DESCRIPTION OF FIGURES
[0020] FIG. 1 is a block diagram of an exemplary system for
priority policing of requests with deferred determination of
priority level, according to an illustrative embodiment of the
invention.
[0021] FIG. 2 is a flow diagram of an exemplary method for priority
policing of requests with deferred determination of priority level,
according to an illustrative embodiment of the invention.
[0022] FIG. 3 is a block diagram of an exemplary multi-stage system
with a single classifier for priority policing of requests with
deferred determination of priority level, according to an
illustrative embodiment of the invention.
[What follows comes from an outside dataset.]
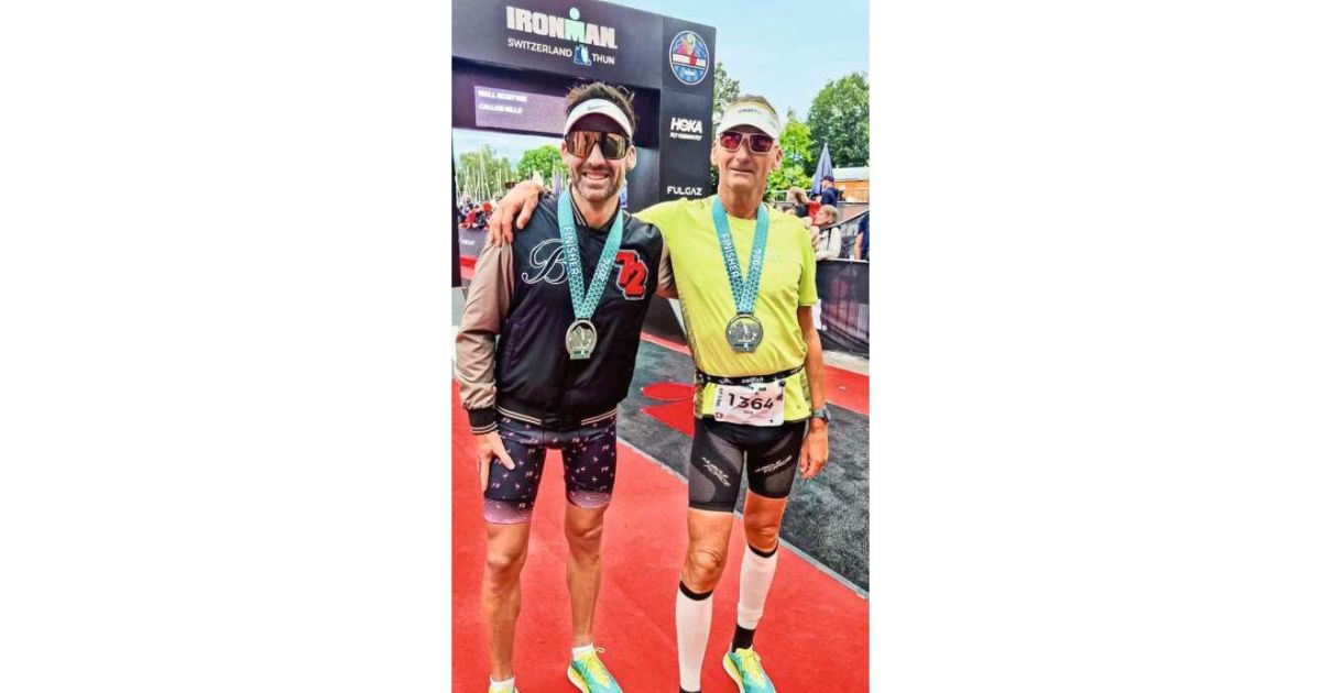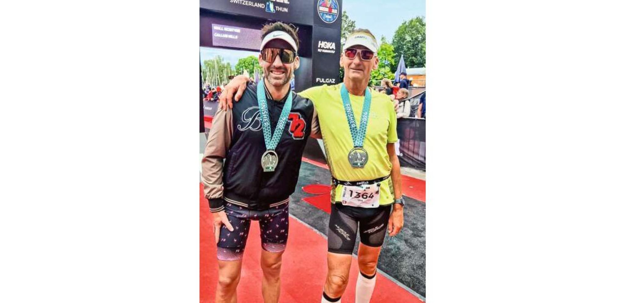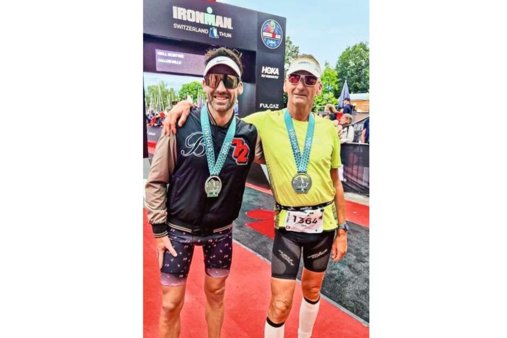 Kürzlich nahm Schreinermeister Urs Fischer mit Sohn Emanuel (l.) am «Ironman Switzerland» in Thun teil. Bild: PD
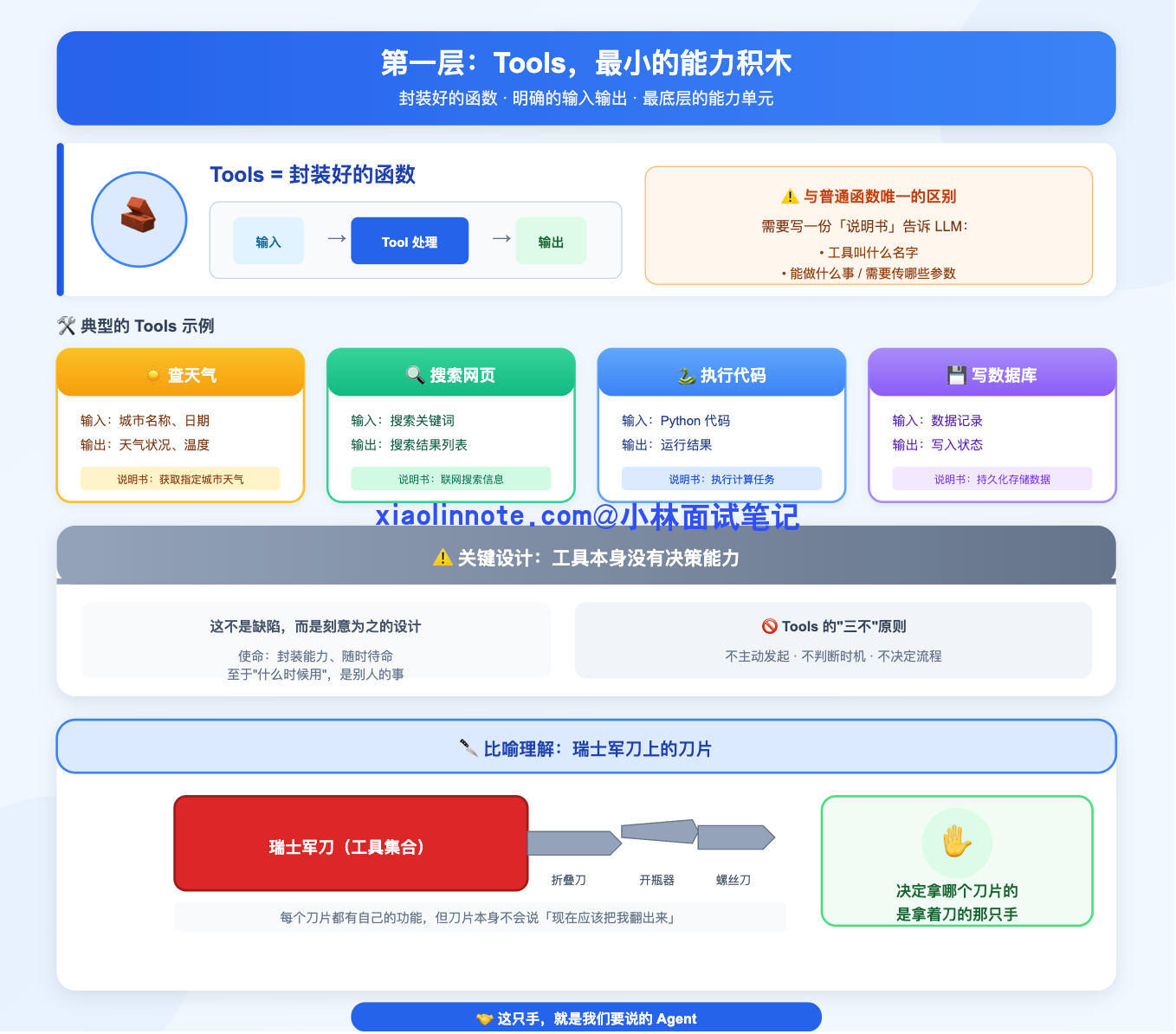 # 每一步都是真实发生的,不是在"假装"你看这段代码,工具定义里没有一行执行逻辑,只有「名字、描述、需要哪些参数」,本质上就是一份说明书。模型读了这份说明书,自己决定该调哪个工具、参数填什么,然后把决策以 JSON 格式告诉你,真正执行的还是你的代码。这个「决策和执行分离」的思想,是理解工具调用最核心的一点。

[0023] FIG. 4 is a block diagram of an exemplary multi-stage system
with a separate classifier per stage for priority policing of
requests with deferred determination of priority level, according
to an illustrative embodiment of the invention.
DETAILED DESCRIPTION
[0024] FIG. 1 is a block diagram of an exemplary system 100 for
priority policing of requests with deferred determination of
priority level, according to an illustrative embodiment of the
invention. The system 100 includes an input data stream 105, a
priority policer 110, a classifier 120, a policer packet drop 130,
and a classifier packet drop 140.
[0025] In some embodiments, the classifier 120 is a hardware or
software module (e.g., implemented on a processor or other
computing device) which determines a priority value to assign to
the packets received from the priority policer 110. The classifier
120 determines the priority value based on one or more of: the
contents of a network protocol header associated with the packet,
application data associated with the packet, and metadata (e.g., an
input interface, a VLAN identification) associated with the packet.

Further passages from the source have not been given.